Gazprom-Shell venture tests Russia's first LNG plant
A Gazprom and Royal Dutch Shell joint venture said they started testing a liquefied natural gas plant at Sakhalin,
eastern Russia, a further step toward the country's first LNG export sales, scheduled for 2008.
The LNG facility at the Sakhalin-II project will be commissioned, or tested, using gas from Shell's LNG tanker
Granosa, which docked at the plant's jetty in Prigorodnoye, the Sakhalin Energy Investment. venture said.
Granosa's arrival “signifies that the end of the construction phase is drawing near and we are beginning the
transition to operations,” Frank van Wijk, who is in charge of LNG start-up operations, said.
Russia is the world's biggest gas producer, supplying one- quarter of Europe's needs, though it has lagged behind
competitors Indonesia and Qatar in their ability to ship gas to overseas consumers such as Japan by cooling the fuel
to liquid form. The project also completed installing the top of a new offshore production platform, the last of
three in place off the northeast coast of Sakhalin-Island, north of Japan. The PA-B platform is 121 meters (397 feet)
from the seabed to the top of the derrick, and as large as a 30-story building.

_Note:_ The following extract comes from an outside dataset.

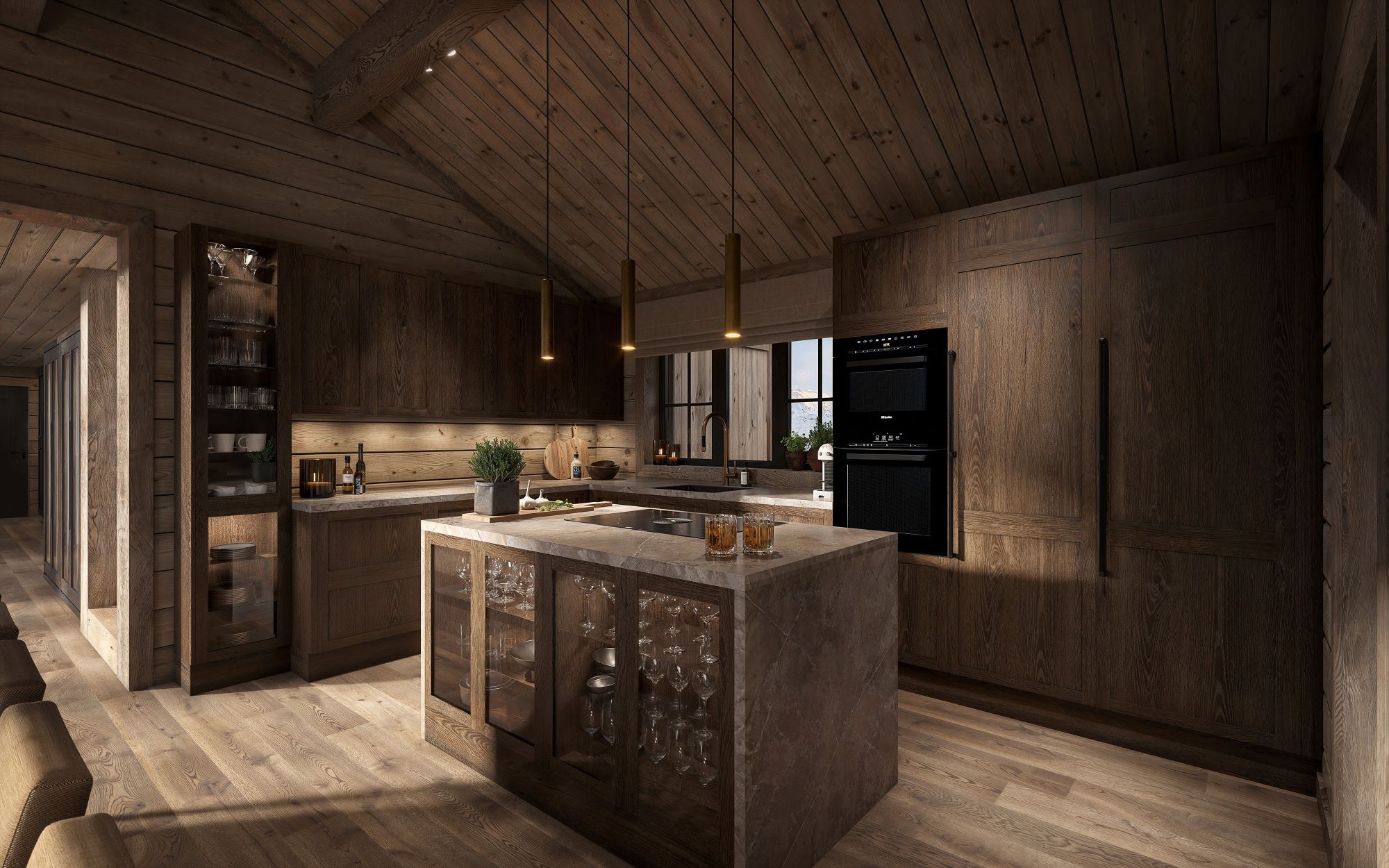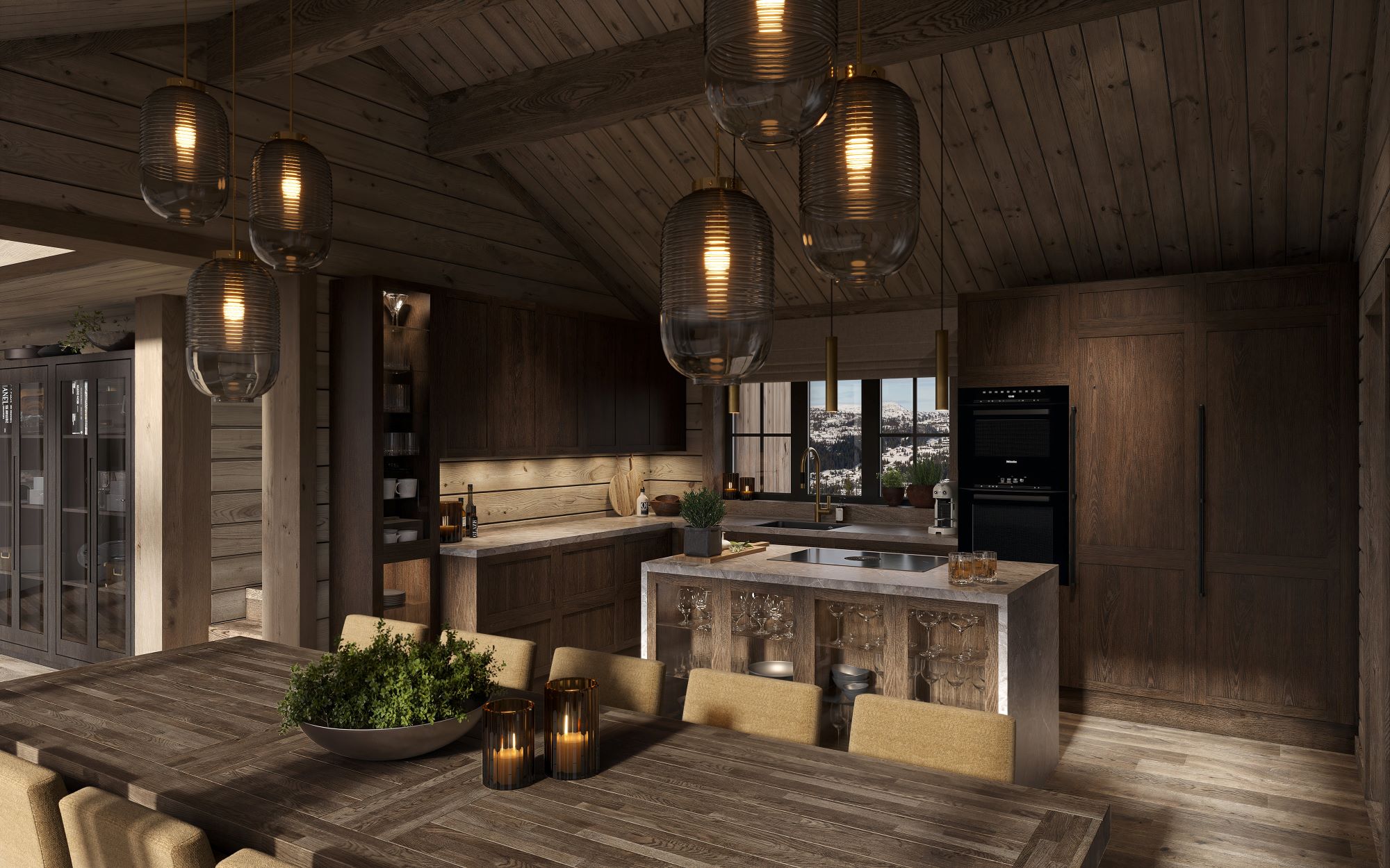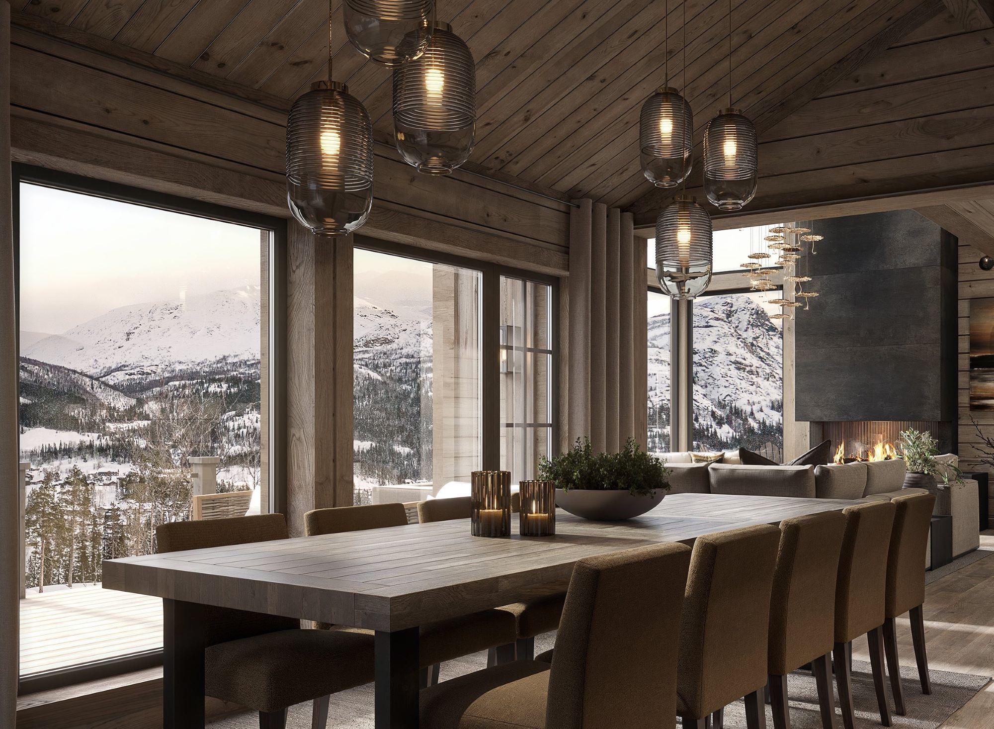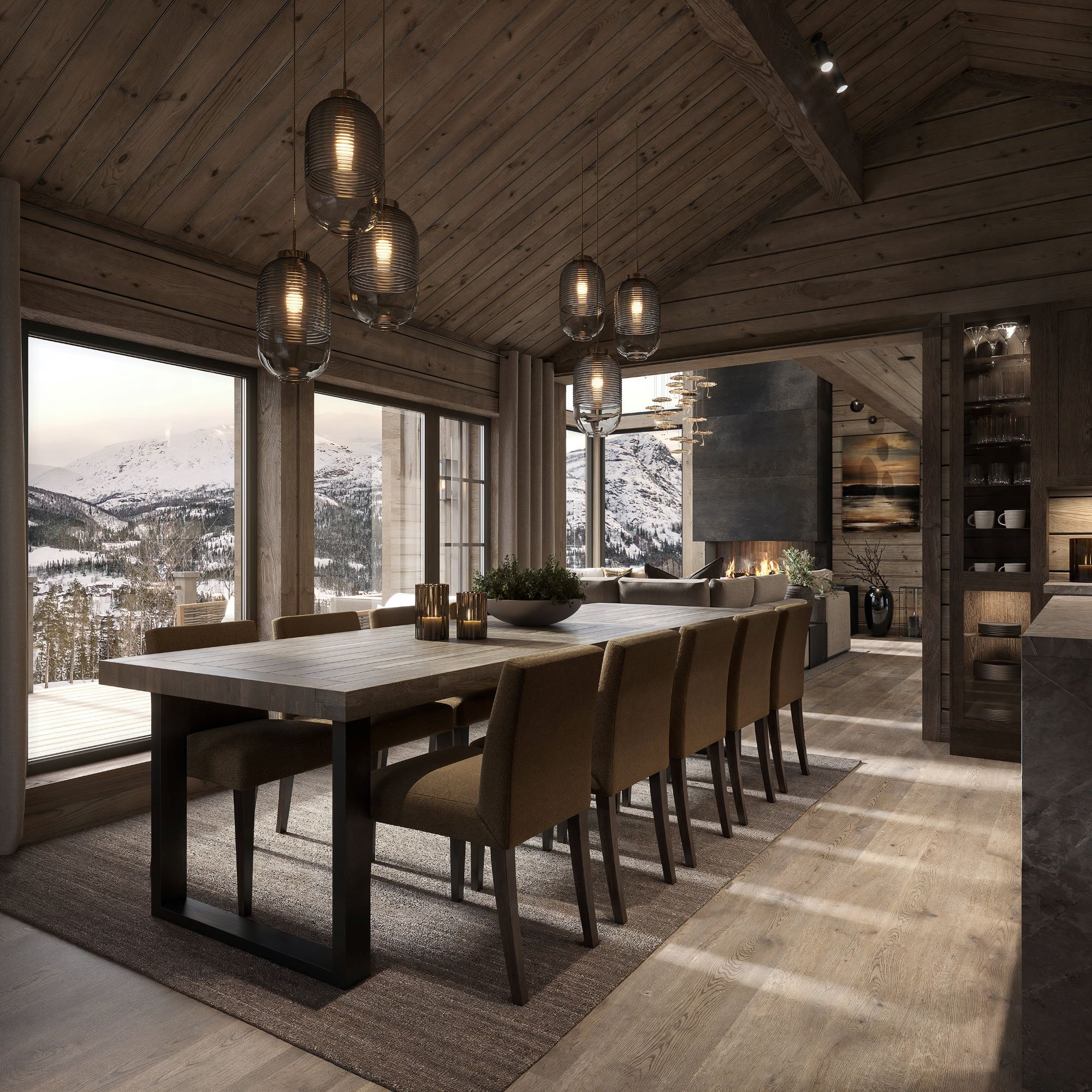 Stua har høy takhimling med og store vindusflater som gir deg en spesiell følelse av å «være i ett» med fjellnatur og himmel. Peisen er plassert nær sofaplassen slik at du kan nyte flammene sammen med fjellnaturen. Kjøkkenet og spisebordet er plassert ved siden av og har vinduer mot utsiktsiden. Fra spisebordet er det også innsyn til peisflammene i stua. Fra kjøkken/spisestue er det dør ut til en stor terrasse. Første del av terrassen er tak overbygd med støpt og skiferbelagt levegg for avskjerming av grillplassen. Ett romslig soverom, med eget praktisk bad, er plassert adskilt fra de andre soverommene fra kjøkken/spisestua.

State-run Gazprom bought a majority holding in the oil and gas project, acquiring 50 % plus one share for $ 7.45 bn
on April 18 from foreign owners Shell, Mitsui & Co. and Mitsubishi, after months of threats by the Russian
government to halt the development on environmental grounds. The stakes held by the three foreign companies dropped
to 27.5 %, 12.5 % and 10 %, respectively.
The PA-B installation was done with the “highest safety standards and within the established noise levels,
without any impact on the Western Gray Whale population, whose feeding grounds lie some 7 km to the west,” a
statement said.
Environmentalists say the project's offshore operations and onshore pipelines endanger whales and spawning salmon,
cause soil erosion and risk oil spills. Fifteen environmental groups including Friends of the Earth and the Worldwide
Fund for Nature wrote to Sumitomo Mitsui Banking Corp., ABN Amro Holding and other lenders, urging them not to fund
Sakhalin-II, saying its environmental record hasn't improved since Gazprom took over.
Shell Chief Executive Officer Jeroen van der Veer, who will commemorate Shell's 100th anniversary at the company's
headquarters in The Hague, described the Sakhalin-II project in July 2005 as the company's “crown jewel”.
Shell had originally wanted to swap part of its Sakhalin equity for another Russian gas field asset, not cash.
The Granosa tanker carried its liquefied gas from an existing plant in Bontang, Indonesia, to the new plant at the
southern end of Sakhalin-Island.
The chilled gas will be used to cool equipment such as storage tanks and for the start-up and testing of flare
systems, gas-turbine generators and compressors.